(Exercise inputs)

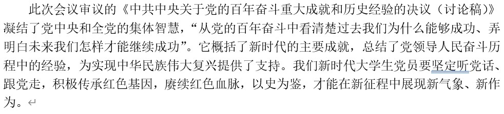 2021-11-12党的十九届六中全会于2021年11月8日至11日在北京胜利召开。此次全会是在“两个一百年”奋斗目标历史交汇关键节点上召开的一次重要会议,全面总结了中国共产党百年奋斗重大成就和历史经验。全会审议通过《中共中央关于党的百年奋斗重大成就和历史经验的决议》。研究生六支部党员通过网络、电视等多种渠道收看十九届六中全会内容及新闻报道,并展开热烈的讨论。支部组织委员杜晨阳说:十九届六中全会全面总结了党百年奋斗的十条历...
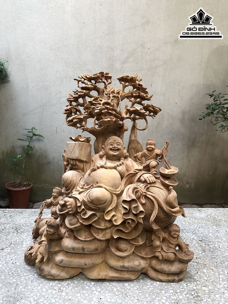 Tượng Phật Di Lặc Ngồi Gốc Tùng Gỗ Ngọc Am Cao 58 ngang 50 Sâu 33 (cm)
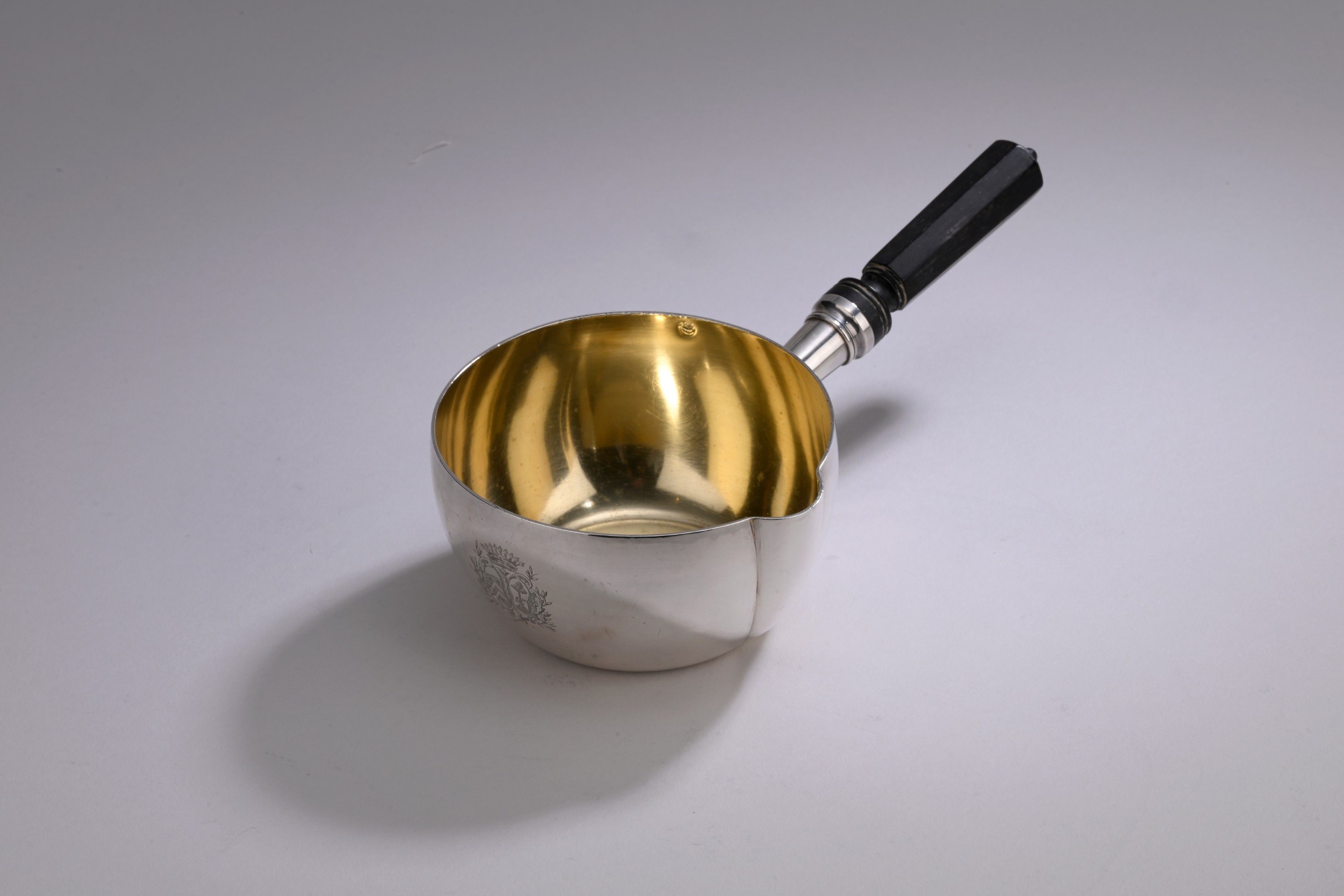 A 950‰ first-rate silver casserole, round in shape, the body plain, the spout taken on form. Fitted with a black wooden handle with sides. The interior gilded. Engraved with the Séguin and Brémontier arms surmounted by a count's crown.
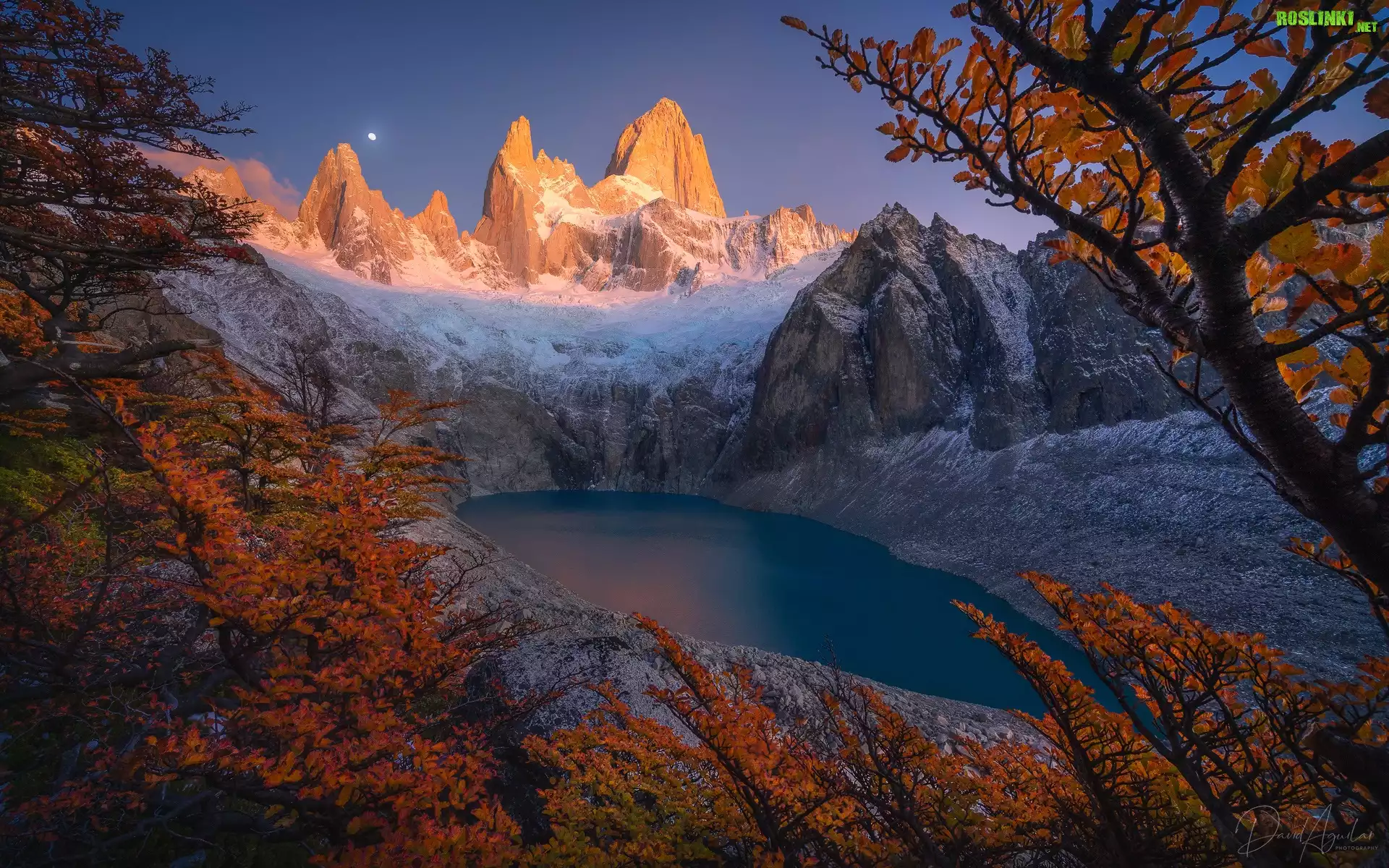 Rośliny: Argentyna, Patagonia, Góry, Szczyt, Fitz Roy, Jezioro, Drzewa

(End Exercise inputs)
(Exercise inputs)

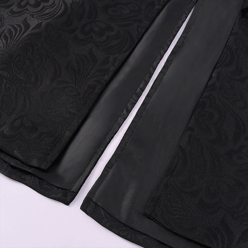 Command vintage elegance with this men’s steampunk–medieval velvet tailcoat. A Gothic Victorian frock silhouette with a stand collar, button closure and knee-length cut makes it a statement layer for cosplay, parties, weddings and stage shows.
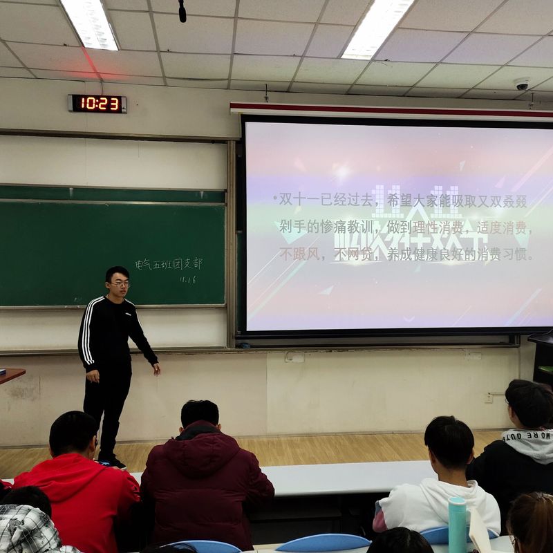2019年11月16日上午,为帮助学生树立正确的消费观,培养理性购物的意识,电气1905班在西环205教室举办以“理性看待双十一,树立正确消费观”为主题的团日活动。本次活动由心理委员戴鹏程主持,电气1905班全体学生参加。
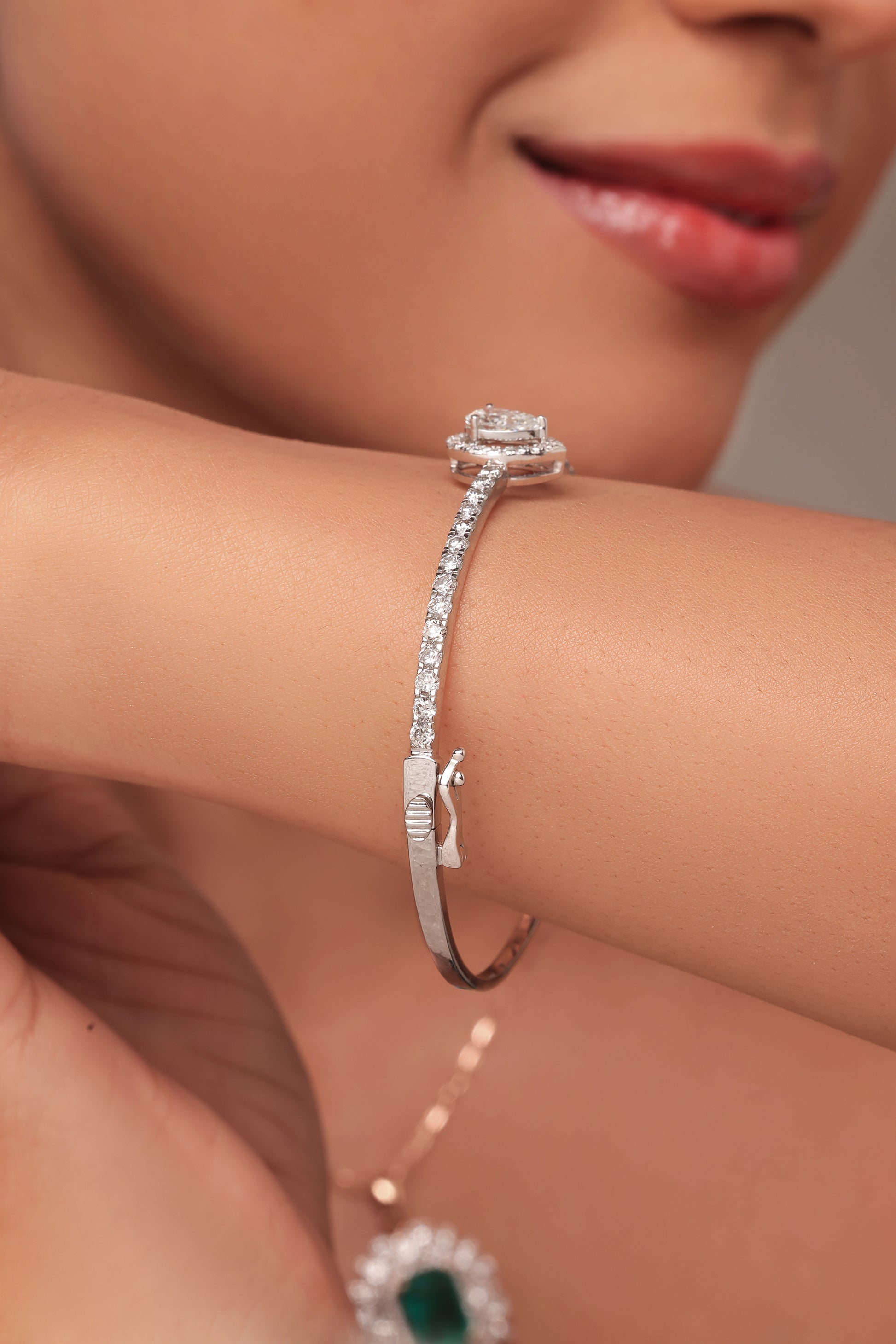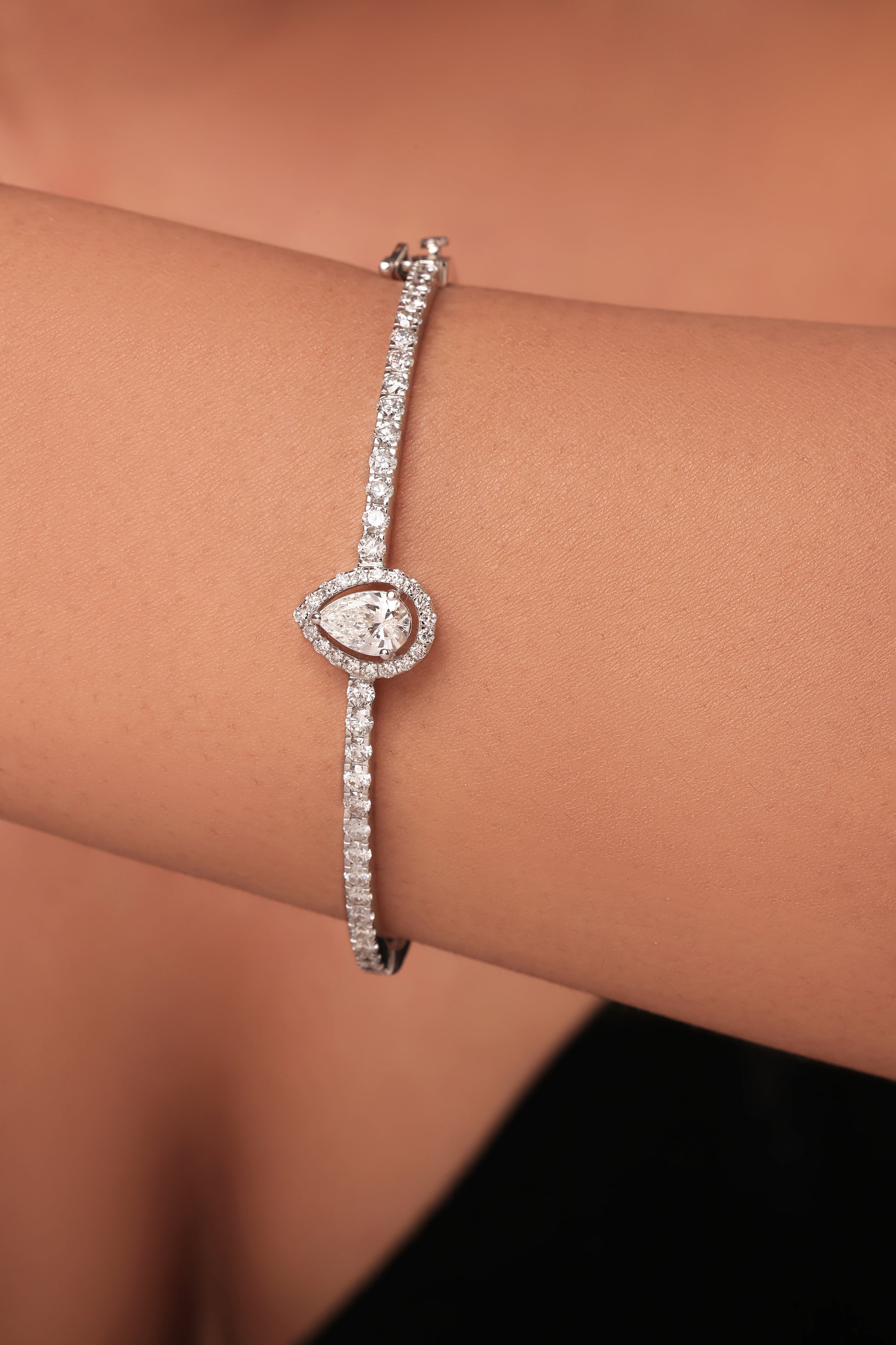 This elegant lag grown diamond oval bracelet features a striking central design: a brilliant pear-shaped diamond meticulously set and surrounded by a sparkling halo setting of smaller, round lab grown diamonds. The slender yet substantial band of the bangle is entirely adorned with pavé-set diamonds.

(End Exercise inputs)
(Exercise inputs)

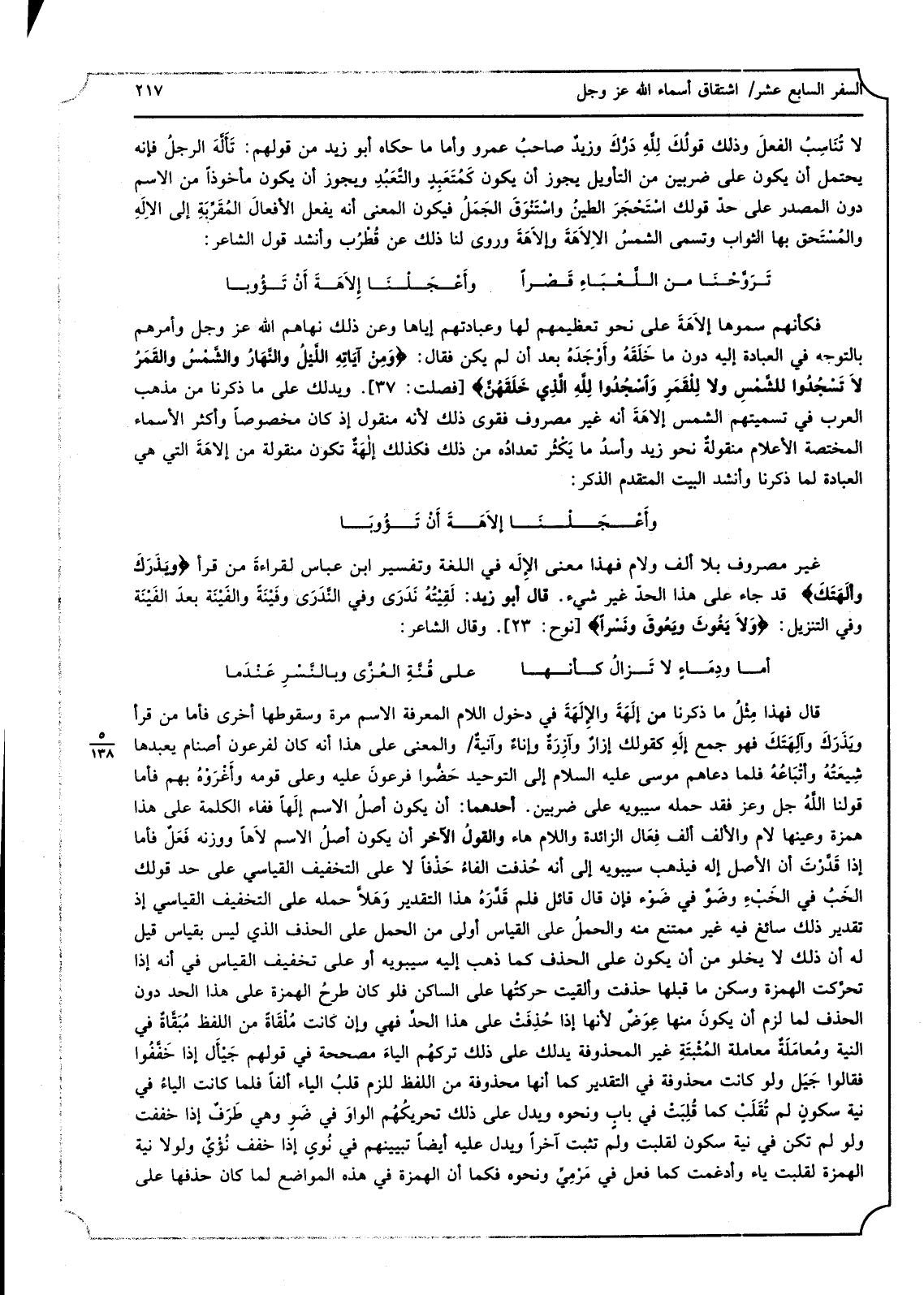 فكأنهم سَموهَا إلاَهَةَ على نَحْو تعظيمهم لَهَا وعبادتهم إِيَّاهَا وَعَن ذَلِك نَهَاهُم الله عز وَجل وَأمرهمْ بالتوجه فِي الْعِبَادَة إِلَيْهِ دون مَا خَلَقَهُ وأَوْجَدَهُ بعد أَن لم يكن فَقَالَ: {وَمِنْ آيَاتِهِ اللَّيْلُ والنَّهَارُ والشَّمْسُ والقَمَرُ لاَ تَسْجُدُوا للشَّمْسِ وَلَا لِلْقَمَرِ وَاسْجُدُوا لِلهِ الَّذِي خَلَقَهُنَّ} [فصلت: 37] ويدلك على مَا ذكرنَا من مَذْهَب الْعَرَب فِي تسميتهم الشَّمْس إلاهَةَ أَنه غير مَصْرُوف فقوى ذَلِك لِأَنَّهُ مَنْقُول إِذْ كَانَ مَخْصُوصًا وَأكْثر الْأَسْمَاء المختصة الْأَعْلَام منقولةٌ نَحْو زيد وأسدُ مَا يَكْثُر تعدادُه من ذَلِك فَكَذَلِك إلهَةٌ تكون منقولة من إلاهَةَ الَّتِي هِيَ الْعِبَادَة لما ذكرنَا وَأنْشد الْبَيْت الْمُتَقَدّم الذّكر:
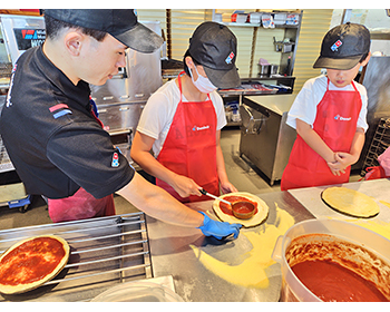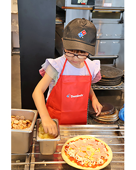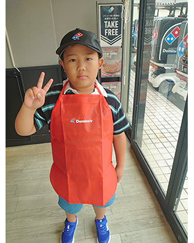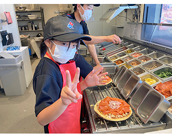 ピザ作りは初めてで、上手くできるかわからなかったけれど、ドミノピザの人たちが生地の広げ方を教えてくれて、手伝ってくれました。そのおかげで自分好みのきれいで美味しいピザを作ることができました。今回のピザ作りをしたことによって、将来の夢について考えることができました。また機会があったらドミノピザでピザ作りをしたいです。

(End Exercise inputs)

### [Exercise]
Take the material above and output only the lines from the one that contains "2019年11月16日上午,为帮助学生树" through the one that contains "This elegant lag", ends included and images left out.

### [Answer box]
2019年11月16日上午,为帮助学生树立正确的消费观,培养理性购物的意识,电气1905班在西环205教室举办以“理性看待双十一,树立正确消费观”为主题的团日活动。本次活动由心理委员戴鹏程主持,电气1905班全体学生参加。
 This elegant lag grown diamond oval bracelet features a striking central design: a brilliant pear-shaped diamond meticulously set and surrounded by a sparkling halo setting of smaller, round lab grown diamonds. The slender yet substantial band of the bangle is entirely adorned with pavé-set diamonds.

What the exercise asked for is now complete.